*Requirement*
Please return, exactly and only, the lines beginning at the top of the entries below and ending with the line containing "Timber wall paneling"; keep out the pictures.

*Task material*

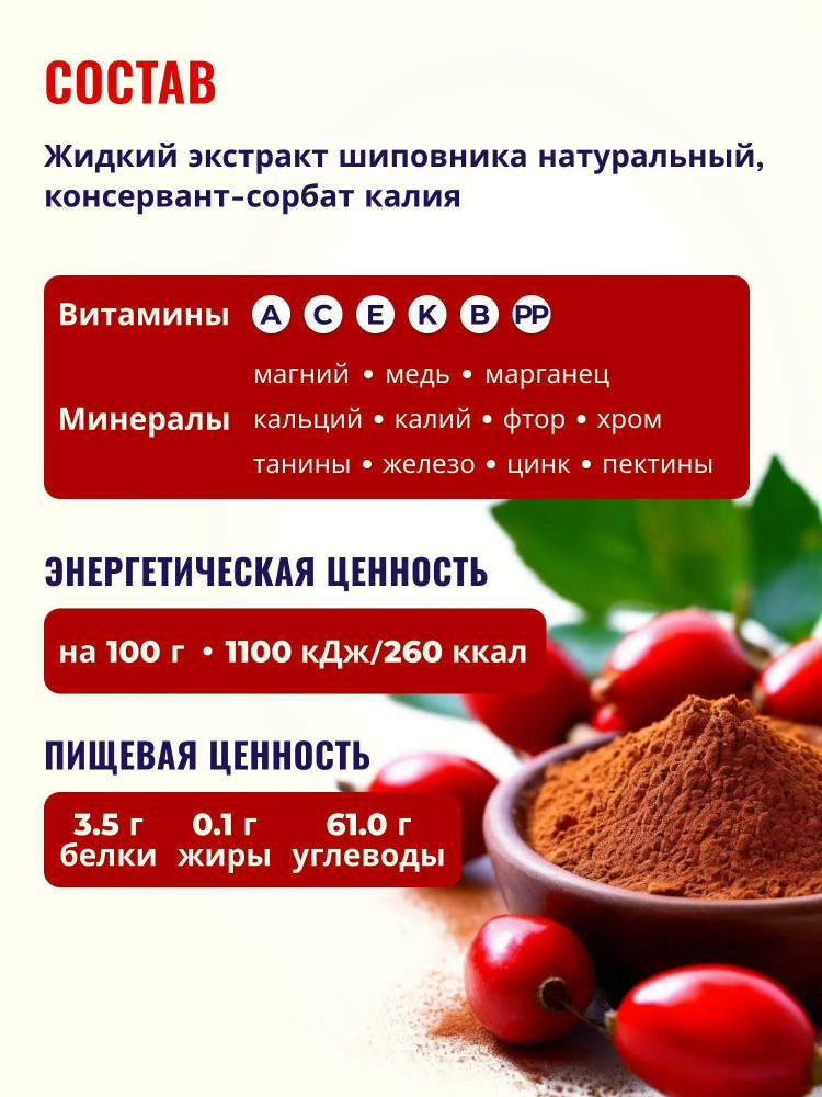 Хотите укрепить иммунитет и поддержать ваш организм в сезон простуд? Регулярное употребление напитков на основе экстракта шиповника угнетает воспалительный процесс и повышает устойчивость организма к инфекциям. Шиповник растворимый жидкий — 100 % натуральный продукт, растворимый в воде. Не содержит ГМО, без глютена и сахара. Является тонизирующим, желчегонным и мочегонным средством, отлично справляется с отечностью. В умеренных количествах молотый шиповник рекомендован беременным и кормящим мамам. Благодаря уникальному технологическому процессу переработки плодов шиповника сушеный напиток сохраняет в себе все полезные компоненты, витамины и микроэлементы. Также полезен, как и сироп шиповника. Одна чашка ягодного напитка в день поможет восполнить сезонный недостаток витаминов, а простудные заболевания пройдут мимо вас.
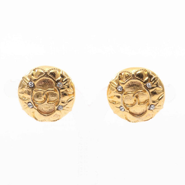 CHANEL Coco Mark Earrings GP (Gold Plated) Rhinestones Women\'s Gold Clear
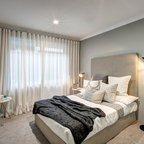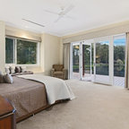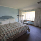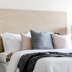 Timber wall paneling is used as a backdrop to the bed. An ensuite door is concealed within the paneling and when closed disappears.
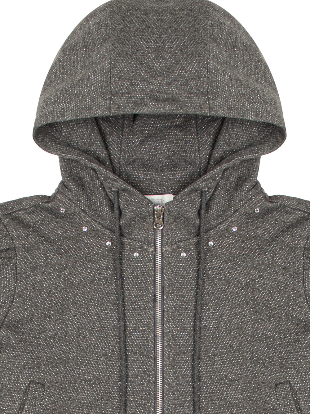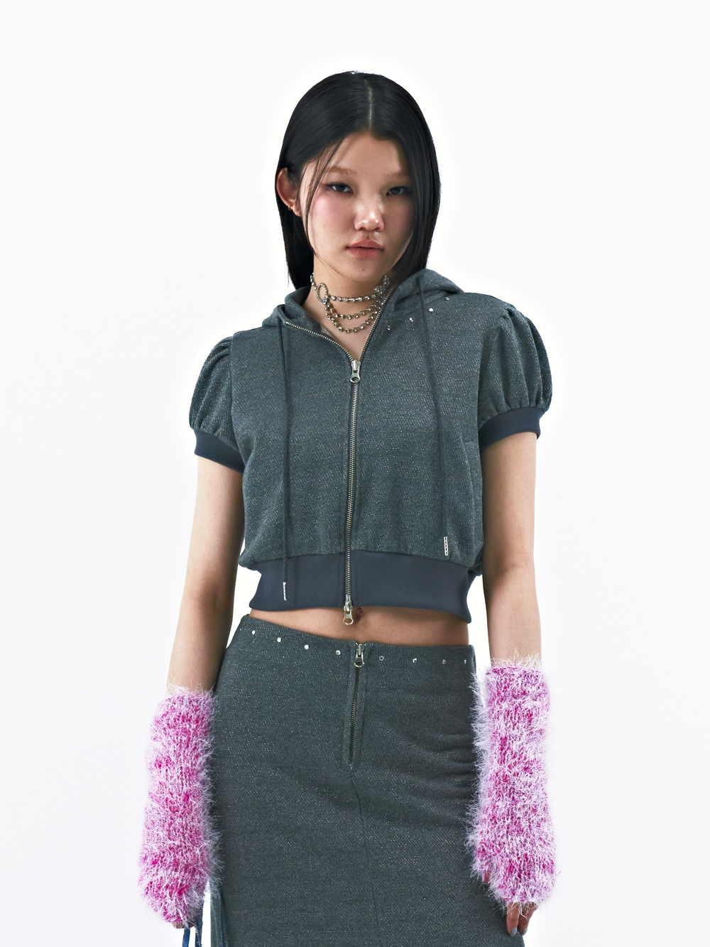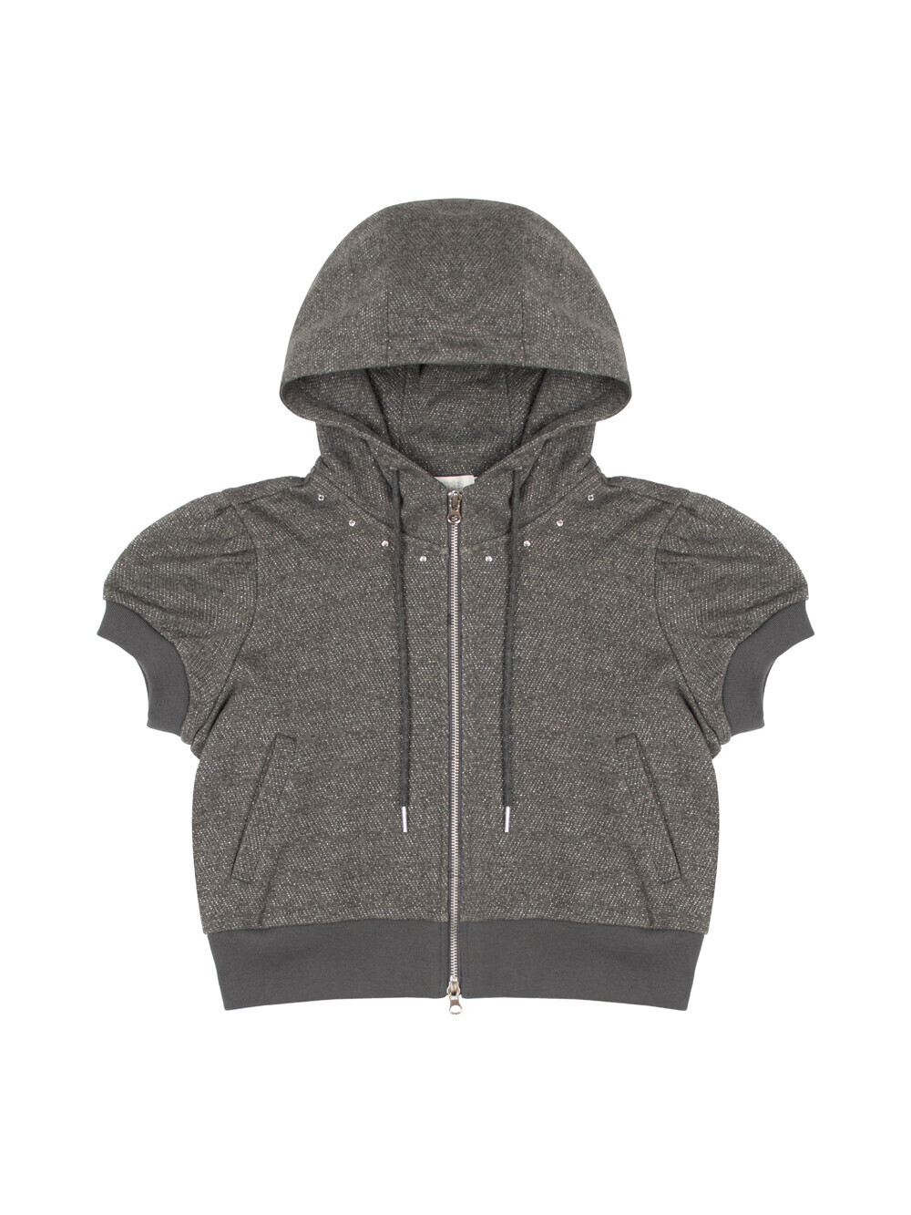 Cotton/metallic-blend jersey Puffed short sleeves Semi-crop length Rhinestones at neckline Two-way zip closure Slim fit
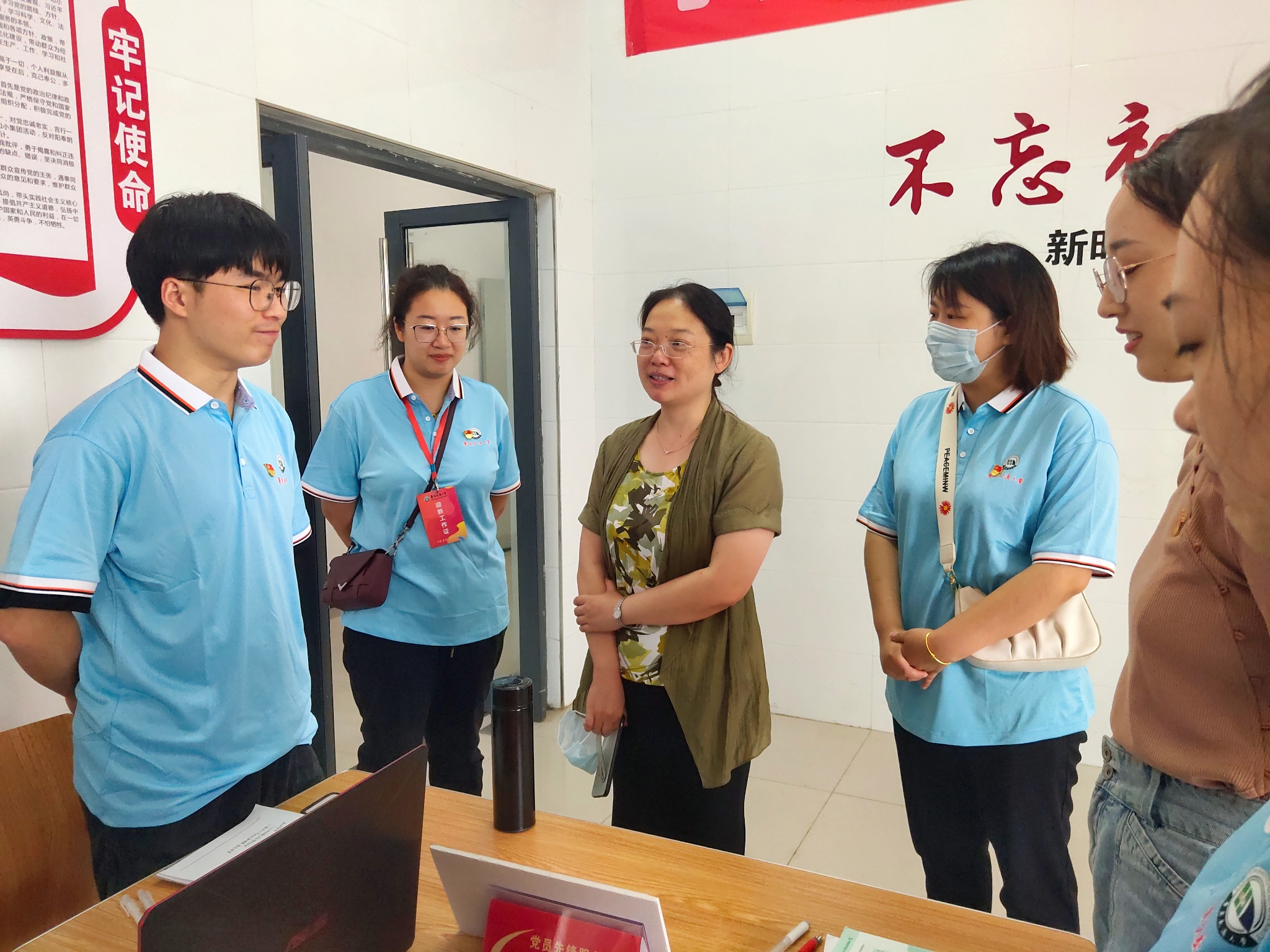 随着迎新工作的进行,公司党委书记赵敏,党委副书记刘修财前往迎新站点视察工作,学工办辅导员陪同。在站点旁,赵敏、刘修财与新生一同观看科技成果展示,并对志愿者们的工作表示肯定。赵敏说道:“迎新工作于学院而言至关重要,因此,各部分工作要做到谨慎细致,各部门人员要紧密配合,加快进程,让新生少等待,让工作更高效。”

*Answer to this task*
 Хотите укрепить иммунитет и поддержать ваш организм в сезон простуд? Регулярное употребление напитков на основе экстракта шиповника угнетает воспалительный процесс и повышает устойчивость организма к инфекциям. Шиповник растворимый жидкий — 100 % натуральный продукт, растворимый в воде. Не содержит ГМО, без глютена и сахара. Является тонизирующим, желчегонным и мочегонным средством, отлично справляется с отечностью. В умеренных количествах молотый шиповник рекомендован беременным и кормящим мамам. Благодаря уникальному технологическому процессу переработки плодов шиповника сушеный напиток сохраняет в себе все полезные компоненты, витамины и микроэлементы. Также полезен, как и сироп шиповника. Одна чашка ягодного напитка в день поможет восполнить сезонный недостаток витаминов, а простудные заболевания пройдут мимо вас.
 CHANEL Coco Mark Earrings GP (Gold Plated) Rhinestones Women\'s Gold Clear
 Timber wall paneling is used as a backdrop to the bed. An ensuite door is concealed within the paneling and when closed disappears.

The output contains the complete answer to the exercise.